In order to further reduce chimeric antibody immunogenicity, humanization was developed in 1988 to replace the murine antibody frameworks with those of selected human antibodies on chimeric antibodies [19]. The resulting “humanized” antibodies contained 90-95% human sequences [24-27]. Numerous clinical studies have confirmed that humanized antibodies are less immunogenic and more therapeutic in humans than murine or chimeric antibodies [28,29]. However, the process of humanization of murine antibodies is much more challenging than construction of murine-human chimeric antibodies. Humanization may result in a loss of antibody antigen binding activity. Nevertheless, humanization has played a fundamental role in the remarkable progress of antibodies as therapeutics.
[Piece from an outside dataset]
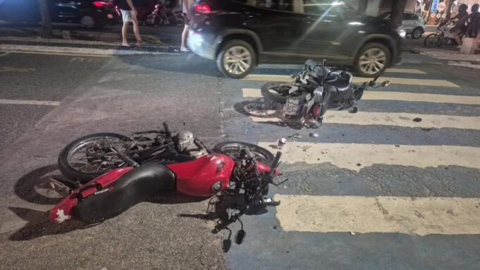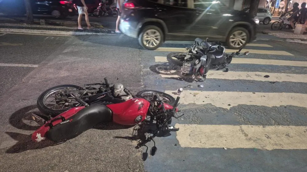 Um sinistro de trânsito envolvendo duas motocicletas foi registrado na noite deste domingo (26), na Rua Epitácio Pessoa, em frente ao banco Itaú, no Centro de Patos.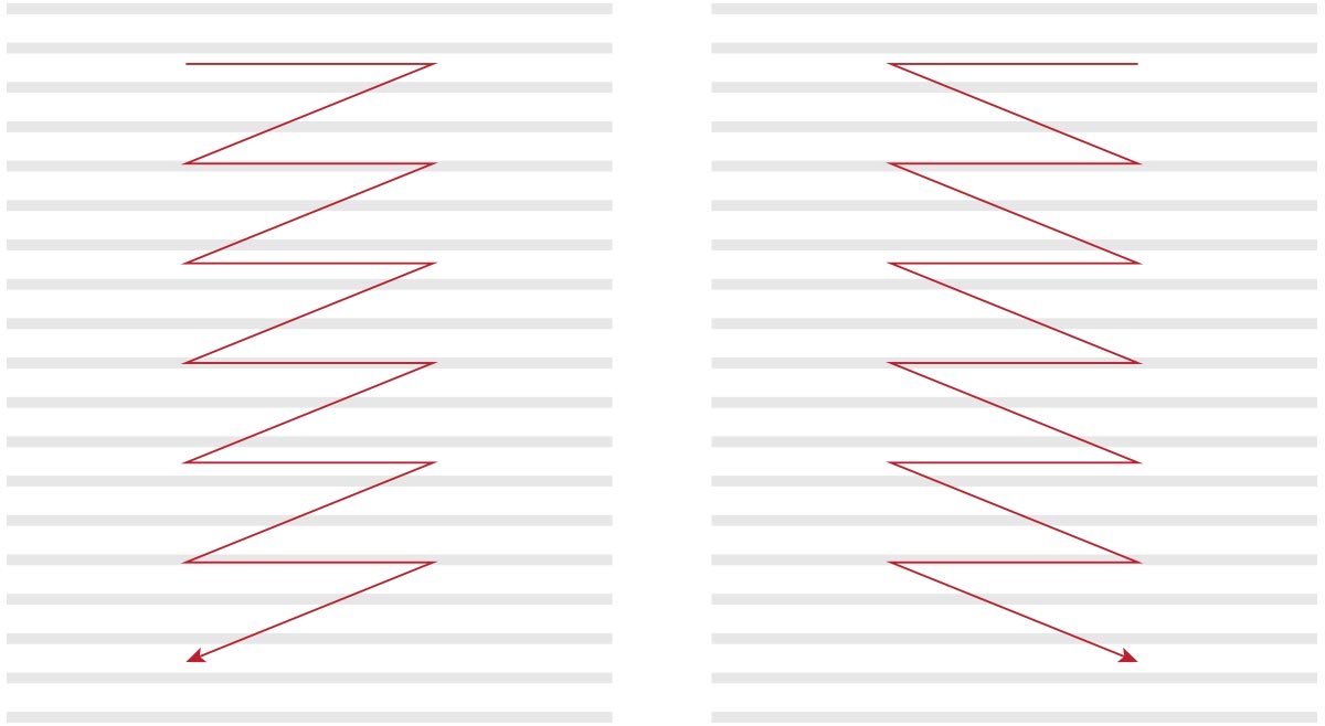 In order to look at the page comfortably, the collection of the layout should always begin with the most significant objects and lead the reader’s eye from one to another. People tend to read information in the course of writing: from left to right, from top to bottom. In a Hebrew-speaking environment, the direction is reversed — right to left, top to bottom.

An alternative to humanization is the derivation of fully human antibodies directly from in vitro phage display libraries of human antibodies, in which human antibody fragments are displayed on the surface of phages. Unlike the antibodies developed in vivo , these antibodies possess only limited antigen-binding affinity due to the absence of assistance from the in vivo immune system for affinity maturation by somatic hyper-mutation. Another approach has been to use transgenic mice modified to carry human antibody genes [30-32]. Immunization of these mice leads to the development of human antibodies, from which hybridomas that produce human antibodies can be generated. However, these mice cannot be used effectively when the targeted antigen is either toxic to mice or homologous with murine tissues. Because of these reasons, the majority of therapeutic mAbs approved by the FDA and in clinical trials are humanized mAbs. Therefore, humanization remains an attractive and proven strategy for switching well-characterized and highly specific murine antibodies into clinical therapeutics.
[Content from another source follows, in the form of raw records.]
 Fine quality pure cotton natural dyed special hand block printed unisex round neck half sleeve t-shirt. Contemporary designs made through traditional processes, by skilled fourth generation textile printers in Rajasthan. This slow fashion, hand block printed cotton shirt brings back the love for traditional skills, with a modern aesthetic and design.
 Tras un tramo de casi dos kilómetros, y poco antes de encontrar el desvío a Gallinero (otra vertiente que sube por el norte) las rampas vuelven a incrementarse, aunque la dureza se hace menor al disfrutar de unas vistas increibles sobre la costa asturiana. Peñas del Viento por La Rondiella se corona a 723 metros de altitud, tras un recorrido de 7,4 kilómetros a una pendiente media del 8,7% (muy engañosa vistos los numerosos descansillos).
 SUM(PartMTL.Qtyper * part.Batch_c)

The technology breakthrough for making humanized or fully human mAbs has lessened the barrier for mAbs as therapeutics. Consequently, mAb therapy has had unprecedented success, growth in research and revenues, and recognition of its potential. This success is likely due to human/humanized mAbs being much better than human hyper immune immunoglobulin as therapeutics. It is undoubtedly revolutionizing the practice of medicine and truly realizing the earlier vision of “magic bullet” medicine. Since 2000, the therapeutic market for mAbs has grown rapidly and therapeutic mAbs have become the fastest growing class of therapeutic agents. Currently nearly all large pharmaceutical companies have at least one mAb licensed product and more candidates in their pipelines. As of 2014, there were around 50 therapeutic mAbs on the market and 300 more in clinical trials [33].
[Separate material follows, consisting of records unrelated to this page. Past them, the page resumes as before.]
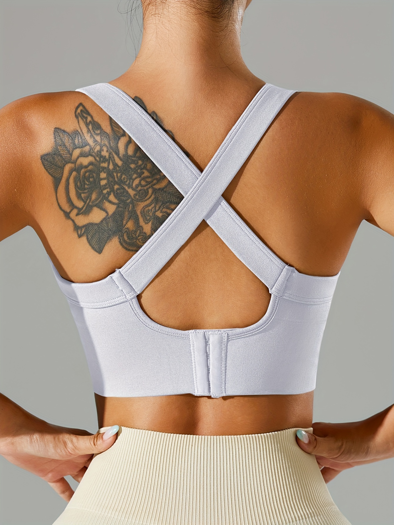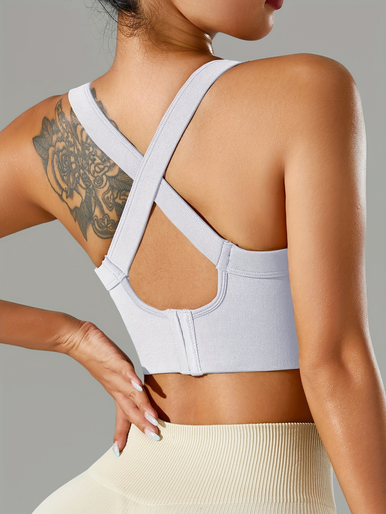 Soutien-gorge de sport uni pour femmes, dos croisé à bretelles fines, top de yoga ajusté, débardeur sportif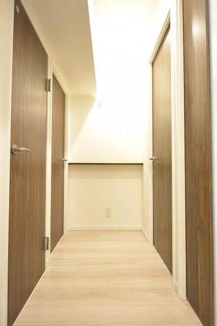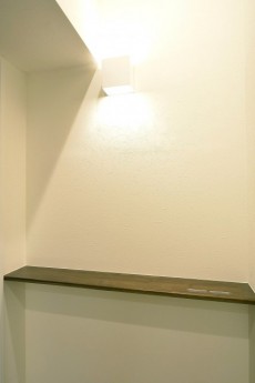 廊下の突き当たりにはちょっとインテリアや小物を飾っておけるくらいのカウンターも設置されていました。置く物でグッと空間の雰囲気も変わりそうですね。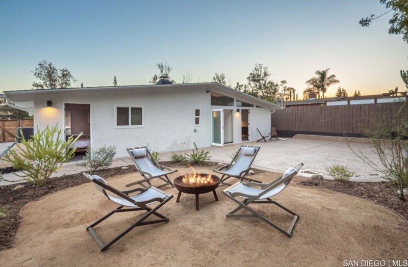 The home features a spacious backyard, fully stocked open kitchen with a large TV, and ample street parking.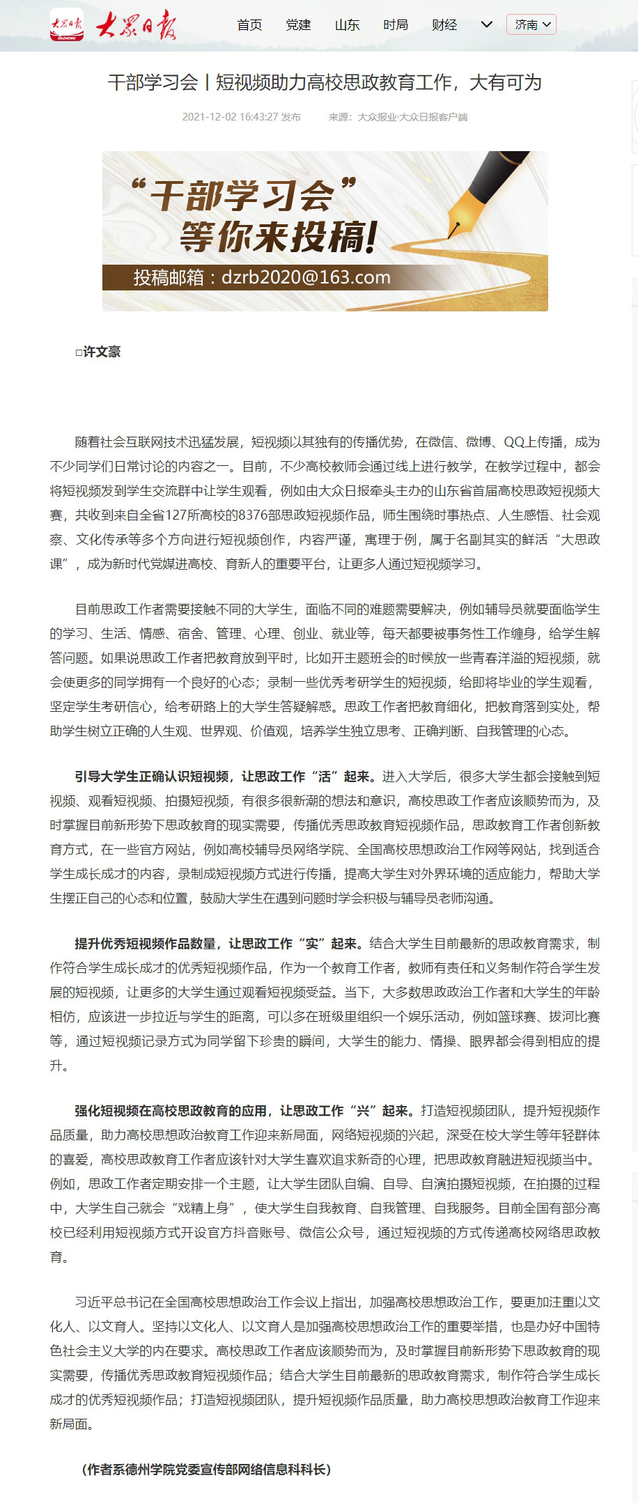 今年会学生入选山东省师范生“我的教师梦”主题演讲活动优秀人员

Highlights of human or humanized therapeutic mAbs as MedCMs for biodefense

Instant and consistent protection: Able to confer immediate protection to recipients regardless of recipient’s current immune status.

Higher than natural protection: Can be administered in higher level and then provide greater protective immunity than vaccination.

High specificity: Can be developed only to target specific components of bio-threat agents without risk of cross-reactivity with human tissue.

Low toxicity: Much more acceptable and tolerable than other types of MedCMs in humans due to their natural components within the body.

Reasonable duration: Because of the plasma half-life of 20 days, the protective immunity provided by passive mAbs can last for weeks after a single administration. It can be extended with additional administrations of mAbs, but it will not last for a lifetime of the recipient.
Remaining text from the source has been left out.